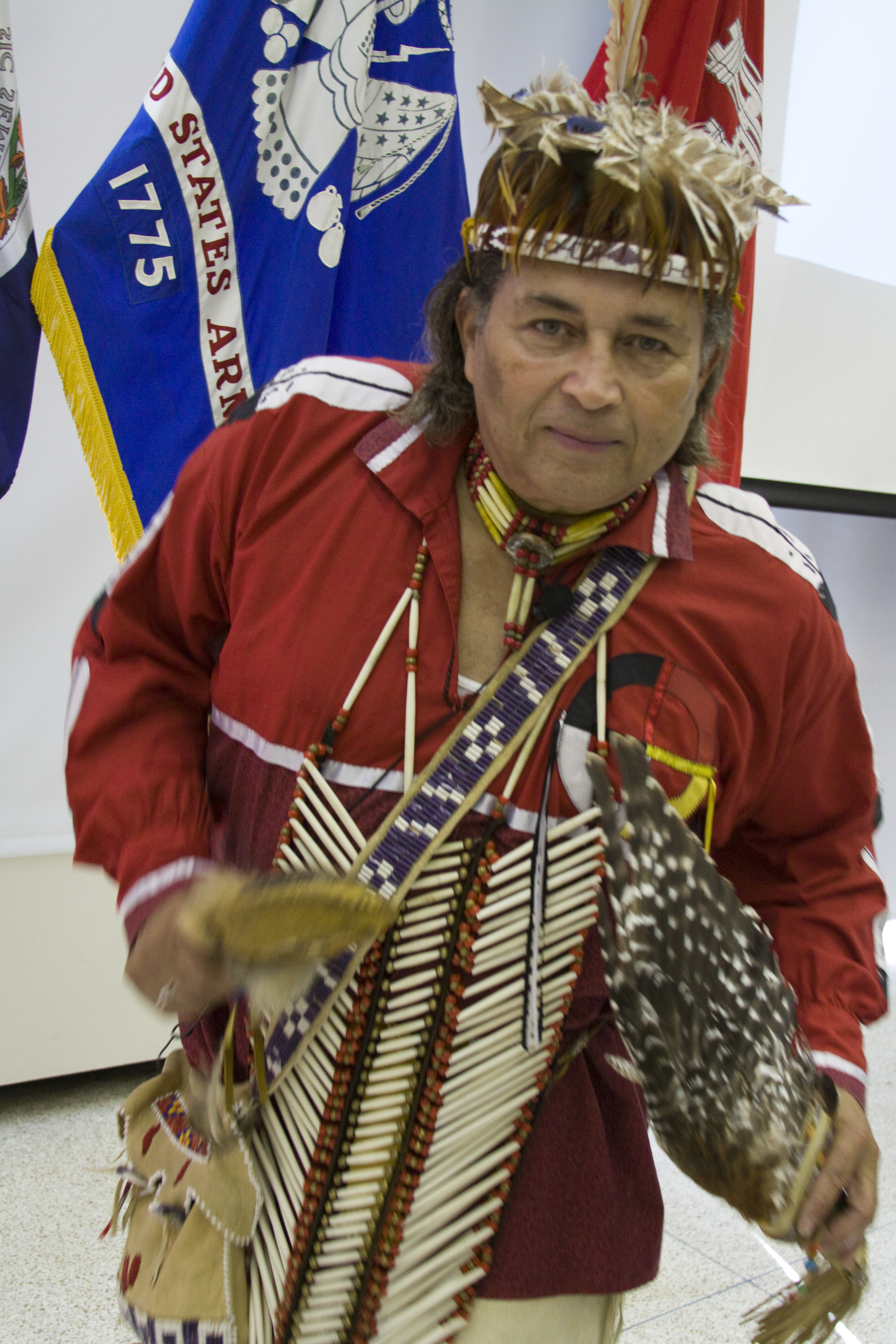 Chief Walter D. “Red Hawk” Brown, III and other tribal members of the Cheroenhaka (Nottoway) Tribe perform a tradition tribal dance before speaking to employees of the Norfolk District, U.S. Army Corps of Engineers about the history of his people on Dec. 9. The speech and performance is part of the Norfolk District’s Native American/Alaskan Heritage Month celebration. (U.S. Army Photo by Patrick Bloodgood)
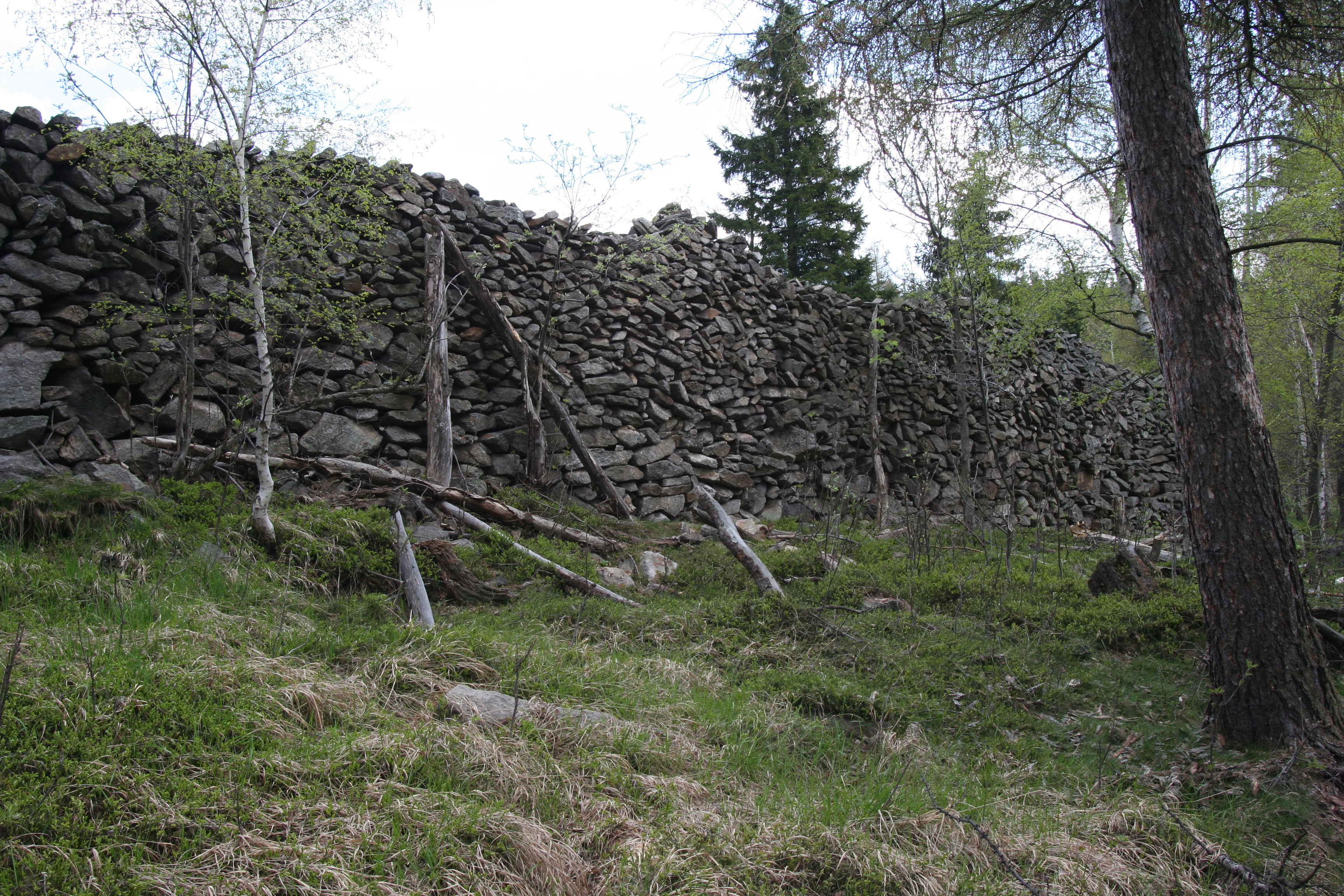 Stone Wall near 6m high, in Kopaniec, Lower Silesia, Poland.
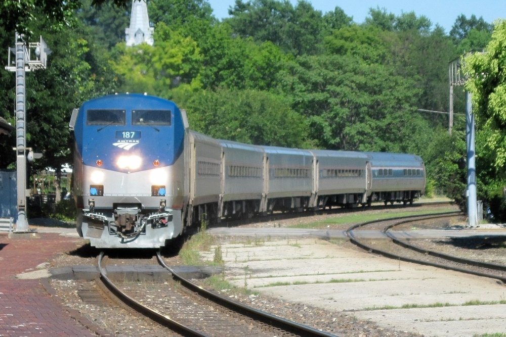 Amtrak Missouri River Runner train#313 pulling into Kirkwood Missouri Amtrak Station
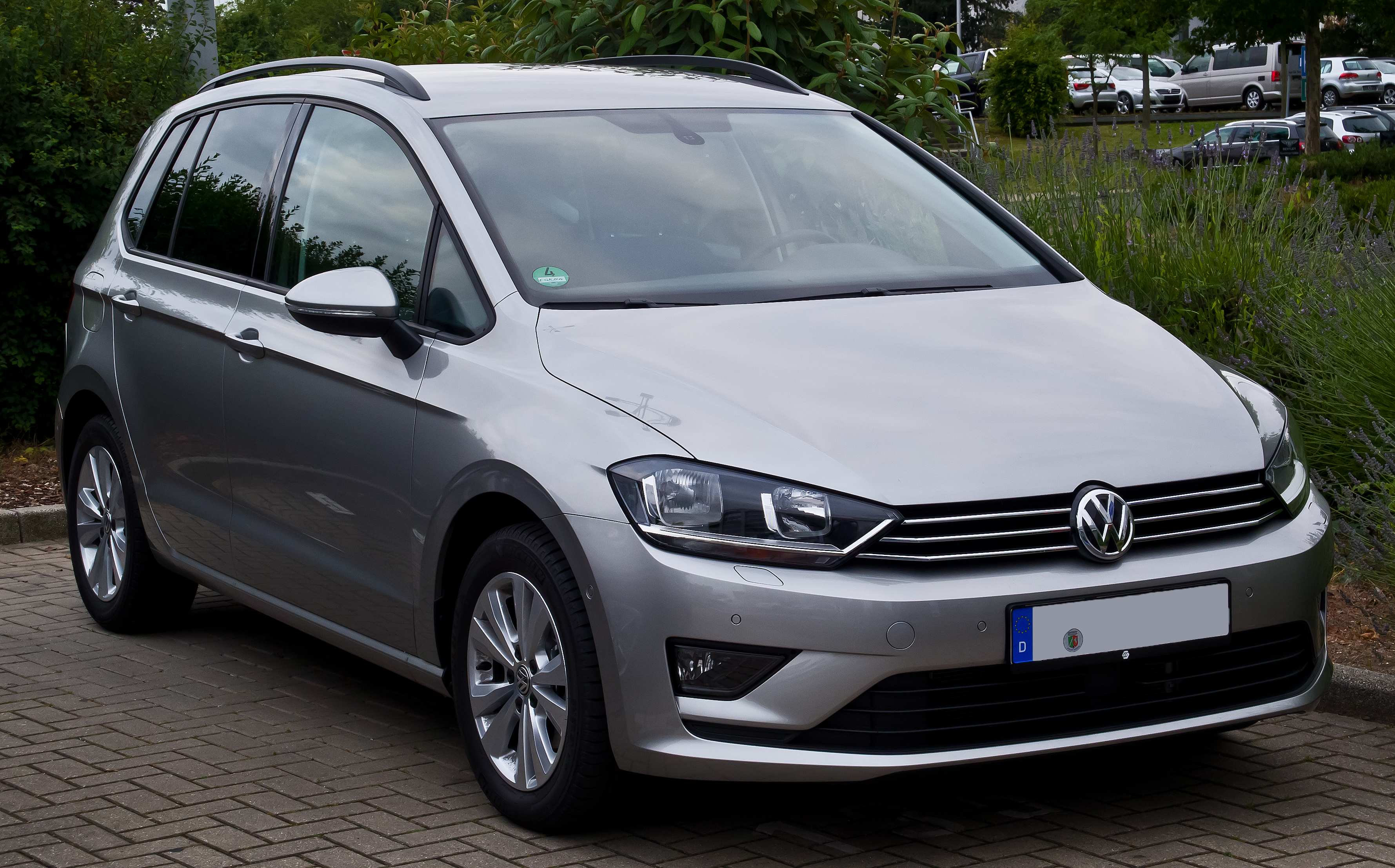 VW Golf Sportsvan 2.0 TDI BlueMotion Technology Comfortline
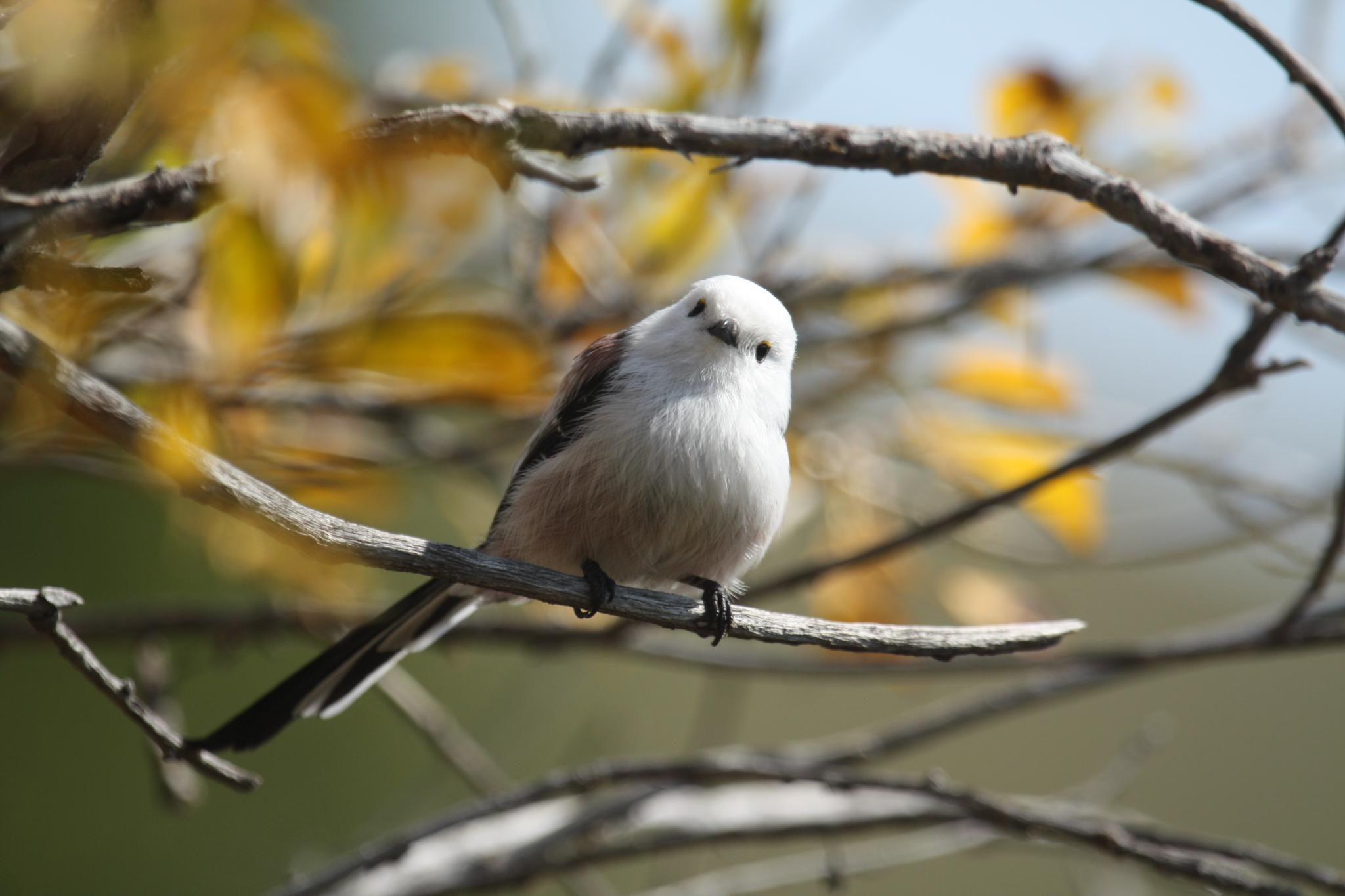 A Long-tailed Tit Aegithalos caudatus caudatus in Mongolia.
+ + + +
§ **DESCRIPTION OF THE TASK**
When you repeat the data, keep every line exact and drop the images.

§ **ANSWER BELOW**
 Chief Walter D. “Red Hawk” Brown, III and other tribal members of the Cheroenhaka (Nottoway) Tribe perform a tradition tribal dance before speaking to employees of the Norfolk District, U.S. Army Corps of Engineers about the history of his people on Dec. 9. The speech and performance is part of the Norfolk District’s Native American/Alaskan Heritage Month celebration. (U.S. Army Photo by Patrick Bloodgood)
 Stone Wall near 6m high, in Kopaniec, Lower Silesia, Poland.
 Amtrak Missouri River Runner train#313 pulling into Kirkwood Missouri Amtrak Station
 VW Golf Sportsvan 2.0 TDI BlueMotion Technology Comfortline
 A Long-tailed Tit Aegithalos caudatus caudatus in Mongolia.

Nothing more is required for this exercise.